• DIRECTIONS FOR THIS TASK:
Would you reproduce exactly, and only, the lines starting at the one with "とてもカラフルで直前の注文で" and ending at the last line of the data, with both included? Leave the pictures out.

• INFORMATION SHOWN:
○ ○ ○ ○ ○ ○ ○
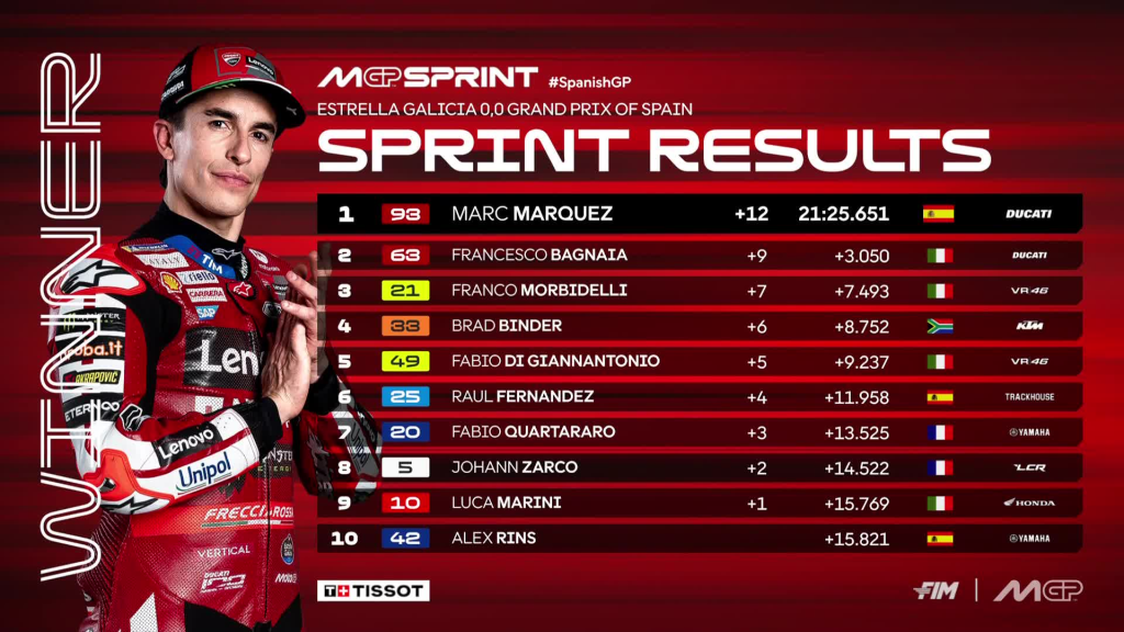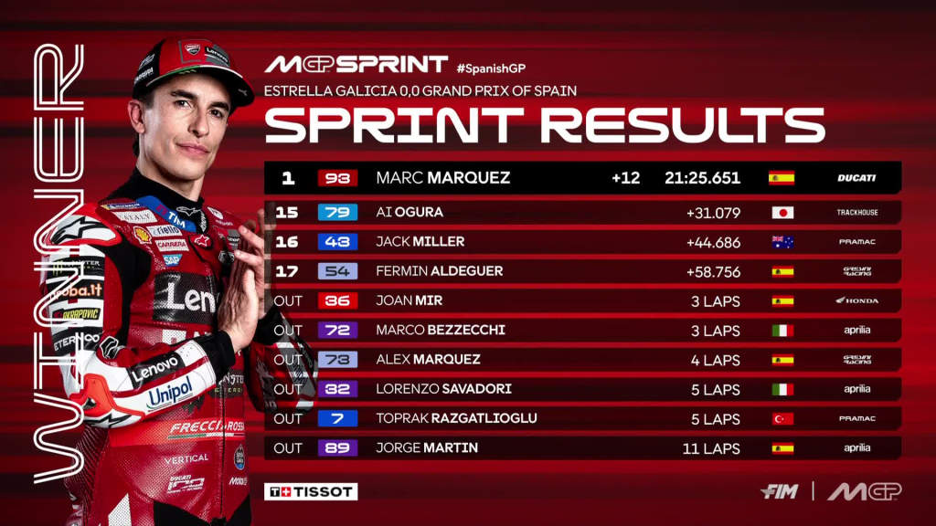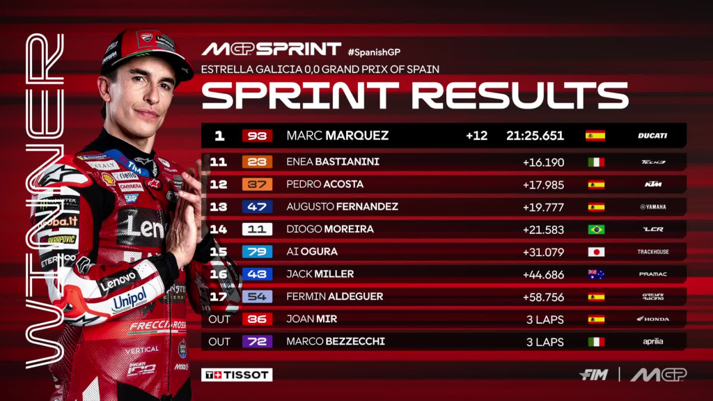 piloto español Marc Márquez ha sido el ganador de la carrera sprint del Gran Premio de España de MotoGP a pesar de sufrir una caída, una prueba con la lluvia como invitada principal en la primera carrera del Mundial en Europa disputada en el circuito de Jérez, donde Marco Bezzechi y Jorge Martín, no han logrado puntuar tras sufrir sendas caídas.
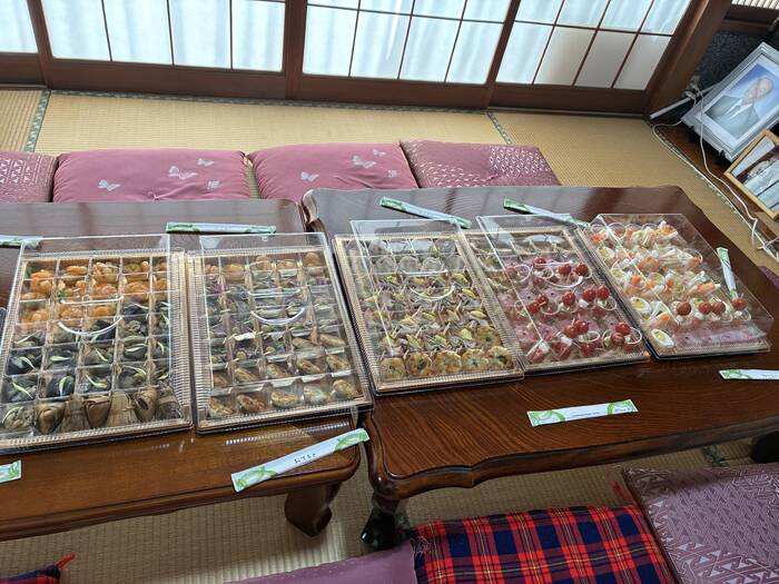 とてもカラフルで直前の注文でも気になるオードブルのお店がたくさんあり、こちらのオードブルにいたしました。
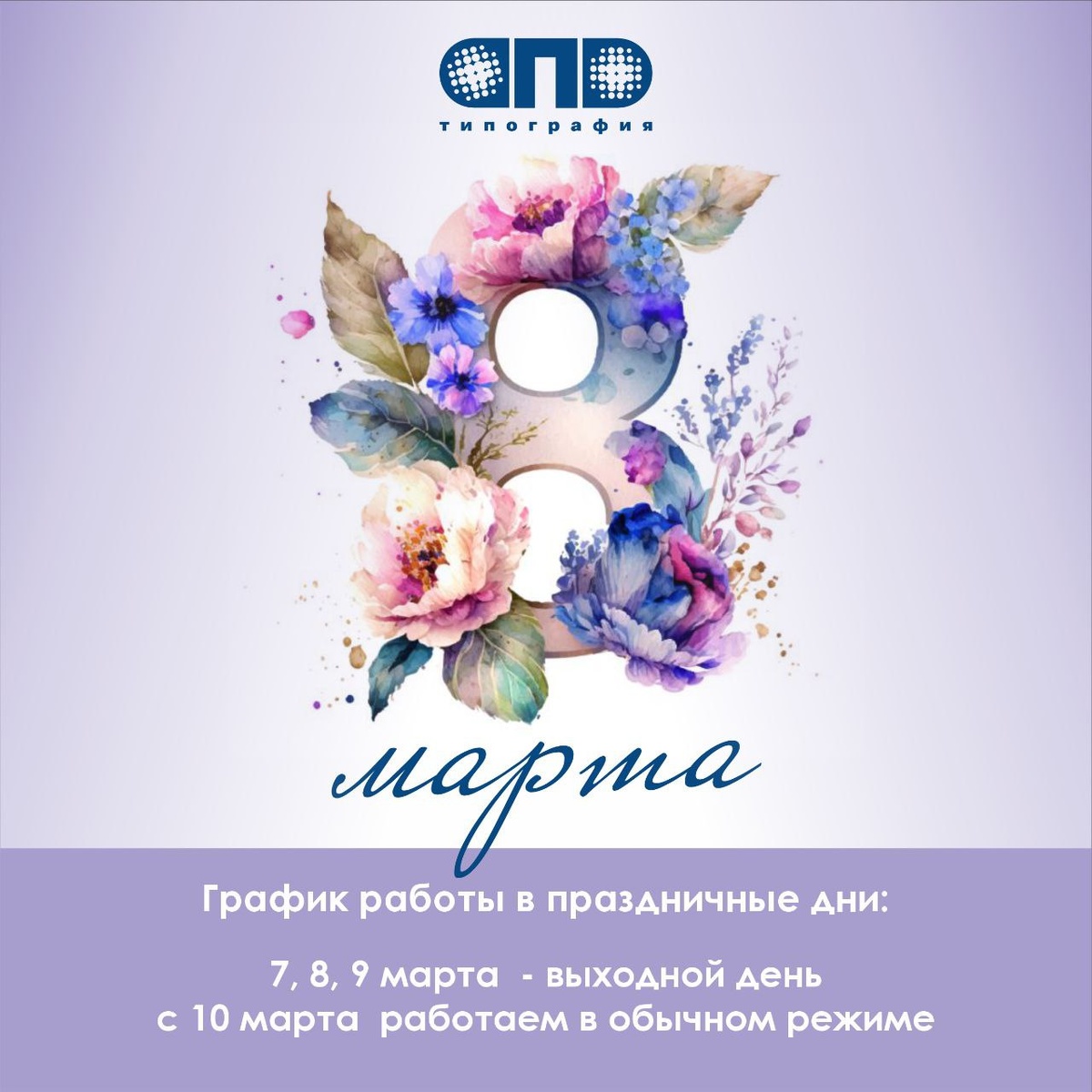 🌺Команда Типографии АПД 🎉поздравляет с наступающим 🌺Международным женским днем🌷🌷🌷 прекрасных женщин
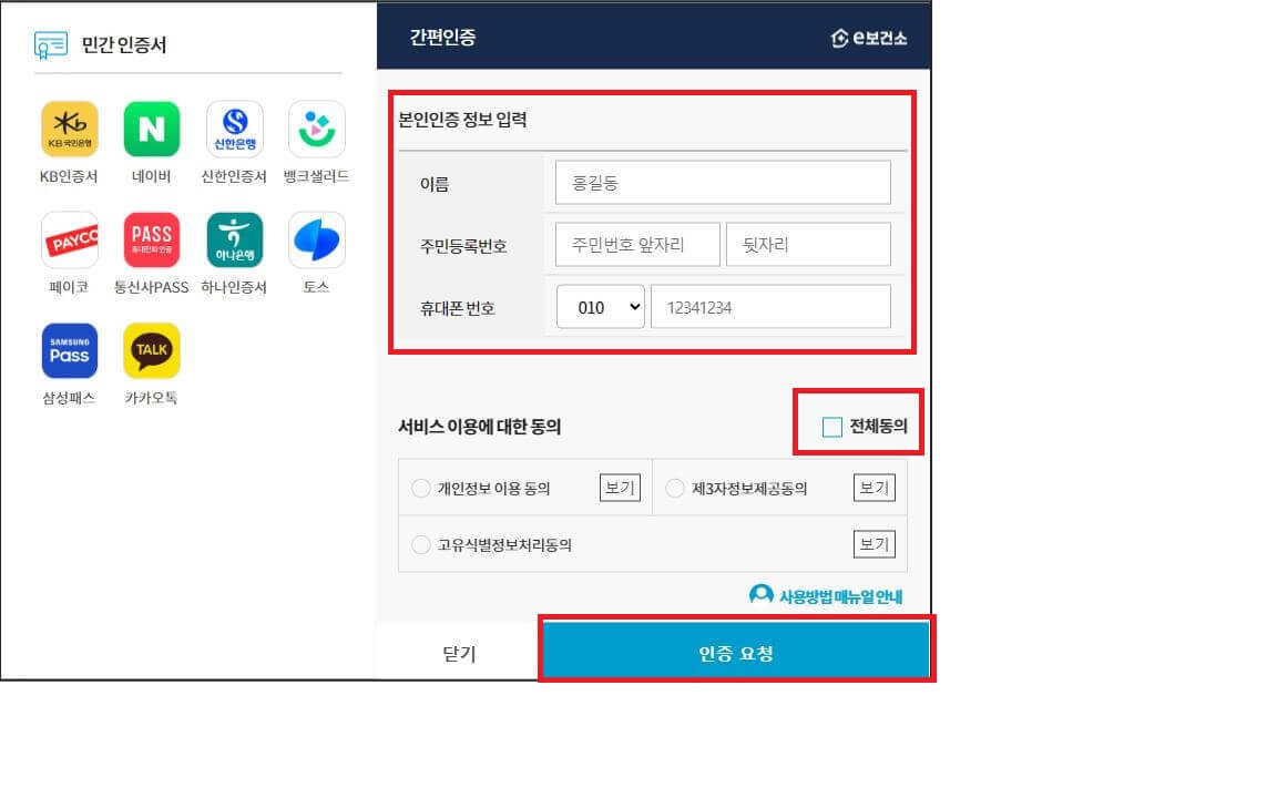 e보건소 클릭> 증명 문서 발급 > 건강진단결과서(구보건증) > 동의, 확인 체크 > 본인인증
○ ○ ○ ○ ○ ○ ○
• RESULT OF THE TASK:
 とてもカラフルで直前の注文でも気になるオードブルのお店がたくさんあり、こちらのオードブルにいたしました。
 🌺Команда Типографии АПД 🎉поздравляет с наступающим 🌺Международным женским днем🌷🌷🌷 прекрасных женщин
 e보건소 클릭> 증명 문서 발급 > 건강진단결과서(구보건증) > 동의, 확인 체크 > 본인인증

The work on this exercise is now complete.